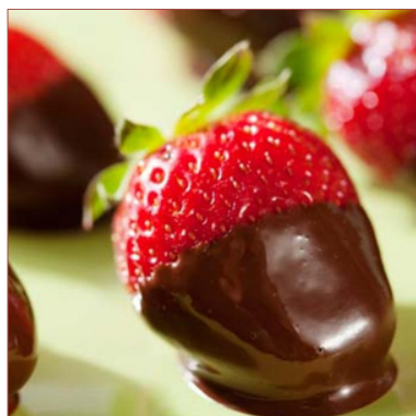
maduixa amb caputxa de xocolata
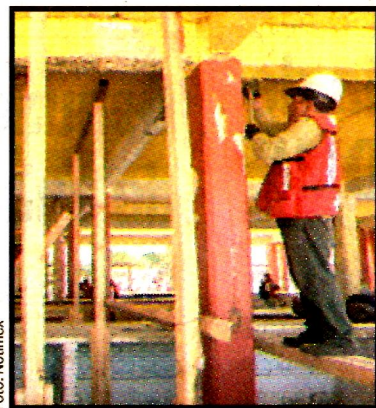
RECONSTRUCCION JUCHITAN, Oax.- Trabajos en el mercado municipal.
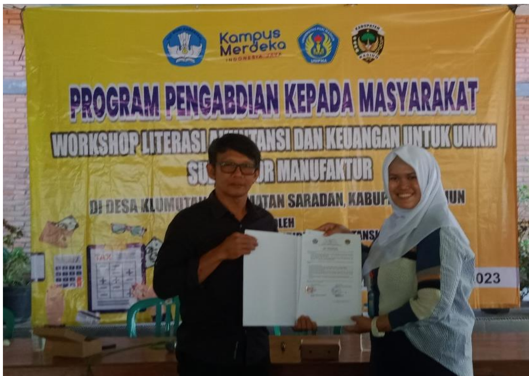
Gambar 11. Penyerahan MoU dan MoA
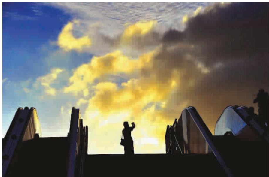
水晶天夹带着高积云,让中城的天际充满了新奇的变幻
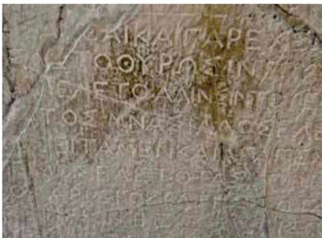
Comptes de construction du sanctuaire (IG IV 1. 110).
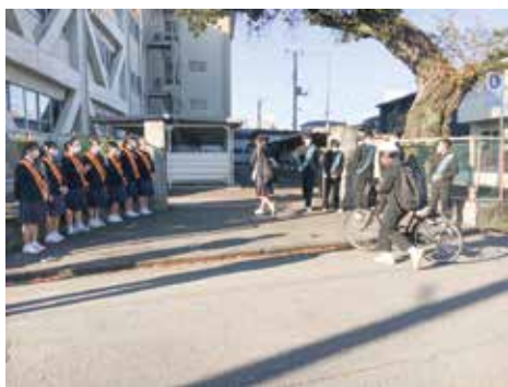
生活委員会によるあいさつ運動（星が丘中）
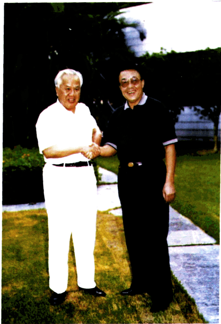
作者与全国政协副主席、原国家计委主任陈锦华合影。
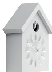
Matt colour Box and little bird: White 1735 C Roof: White 1735 C
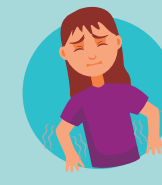
Debilidad muscular en brazos o piernas
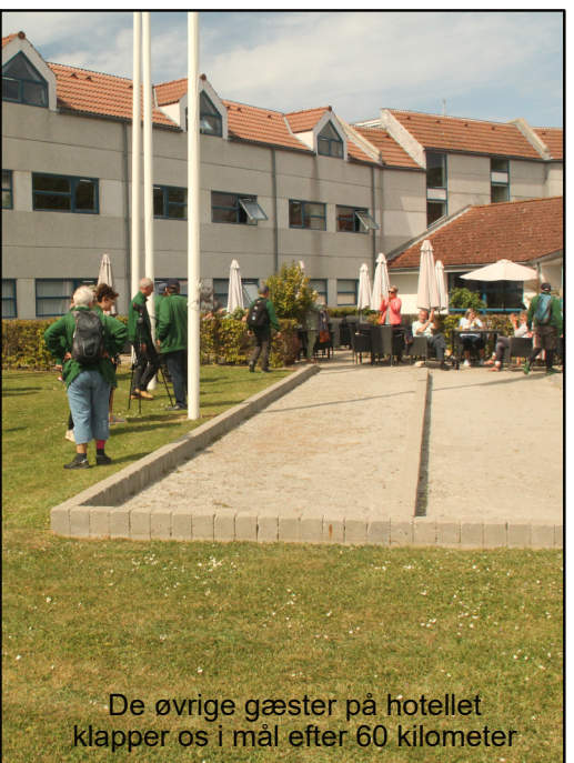
De øvrige gæster på hotellet klapper os i mål efter 60 kilometer
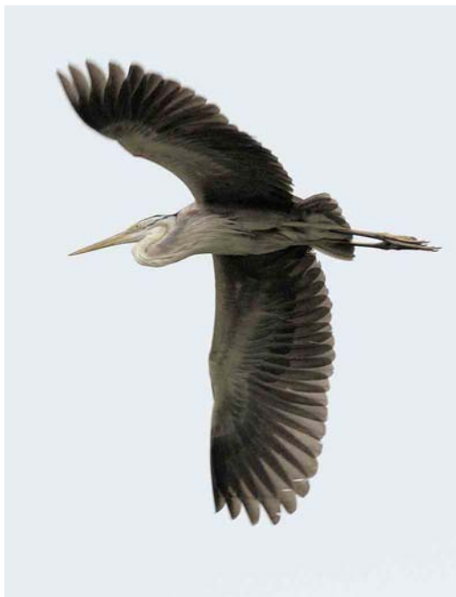
519 American Great Egret / Amerikaanse Grote Zilverreiger Casmerodius albus egretta , Povoação, São Miguel, Azores, 30 September 2006 (Daniele Occhiato) 520 Bourne's Heron / Kaapverdise Purperreiger Ardea bournei , Liberão, Santiago, Cape Verde Islands, 15 October 2006 (Edwin Winkel) 521 Boreal Eider / Noordelijke Eider Somateria mollissima borealis , immature male, Fair Isle, Shetland, Scotland, 8 October 2006 (Rebecca Nason)
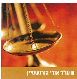
■ עו"ד אורי הורנשטיין
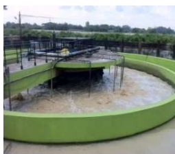
ミャンマービール工場

中国 タイ マレーシア インドネシア ミャンマー インド ベトナム等の 染色工場・食品工場・製紙工場・ 化学工場・パームオイル工場・ ゴム工場等に多くの導入実績があります。

------

# WORK TASK
Exclude all pictures and return precisely the lines from the one containing "Gambar 11. Penyerahan MoU dan MoA" through the closing line of the data.

# TASK OUTPUT
Gambar 11. Penyerahan MoU dan MoA
水晶天夹带着高积云,让中城的天际充满了新奇的变幻
Comptes de construction du sanctuaire (IG IV 1. 110).
生活委員会によるあいさつ運動（星が丘中）
作者与全国政协副主席、原国家计委主任陈锦华合影。
Matt colour Box and little bird: White 1735 C Roof: White 1735 C
Debilidad muscular en brazos o piernas
De øvrige gæster på hotellet klapper os i mål efter 60 kilometer
519 American Great Egret / Amerikaanse Grote Zilverreiger Casmerodius albus egretta , Povoação, São Miguel, Azores, 30 September 2006 (Daniele Occhiato) 520 Bourne's Heron / Kaapverdise Purperreiger Ardea bournei , Liberão, Santiago, Cape Verde Islands, 15 October 2006 (Edwin Winkel) 521 Boreal Eider / Noordelijke Eider Somateria mollissima borealis , immature male, Fair Isle, Shetland, Scotland, 8 October 2006 (Rebecca Nason)
■ עו"ד אורי הורנשטיין
ミャンマービール工場

中国 タイ マレーシア インドネシア ミャンマー インド ベトナム等の 染色工場・食品工場・製紙工場・ 化学工場・パームオイル工場・ ゴム工場等に多くの導入実績があります。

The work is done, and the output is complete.